In 1976, he married television presenter Carmen Ibáñez, with whom he had three children, including future deputy Joaquín Godoy Ibáñez and journalist María Luisa Godoy. He had four children from his first marriage to María Alicia García‑Huidobro Morandé.

== Political career ==
Godoy began his political involvement as president of the Agronomy Students' Center at the university. In 1953, he was elected councilman of Romeral for the Liberal Party, serving until 1956. From 1956 to 1962, he was vice president of INIA; he also presided over the SNA experimental station and served as an advisor to CORFO between 1960 and 1966.

In 1966, he helped found the National Party and later served as its president. In 1969, he was elected deputy for the Fifth Departmental Group and reelected in 1973. During his tenure, he served on the Permanent Commissions of Agriculture and Colonization, Interior Government, and Latin American Integration.

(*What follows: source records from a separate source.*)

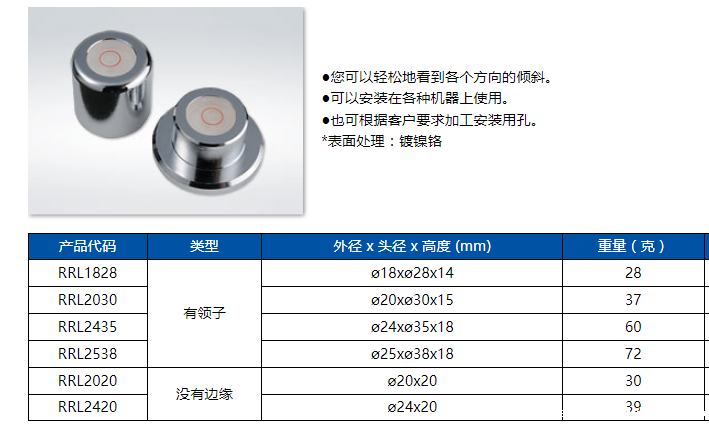 您可以轻松地看到各个方向的倾斜,可以安装在各种机器上使用。也可根据客户要求加工安装用孔。表面处理:镀镍铬
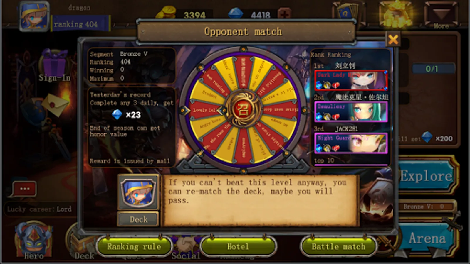 PvP Battle of the Gods: Advanced players have different levels of diamonds, such as 1000 diamond rounds, 1000 diamonds won, 1000 diamonds lost
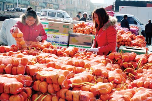 11月11日,原平市農(nóng)貿(mào)市場(chǎng)上紅紅火火,這是市民們正在挑選金黃色柿子。該市合理化布局建市場(chǎng),使農(nóng)副產(chǎn)品有了好的銷售平臺(tái),既方便市民購(gòu)買又促進(jìn)農(nóng)民增收。(趙春曉 攝) (責(zé)任編輯:李冬梅) |

He also investigated commissions into labor conditions in mining, the Carozzi company, and human rights abuses in the Investigations Service.

His parliamentary term was interrupted by the military coup of 11 September 1973, which led to the dissolution of Congress.

After the return to democracy in 1990, Godoy joined the National Renewal but did not seek elective office again. He remained active in agricultural circles until his death on 23 December 2013, aged 91. His funeral was held at San Juan Apóstol Church in Vitacura, and his burial was at Parque del Recuerdo.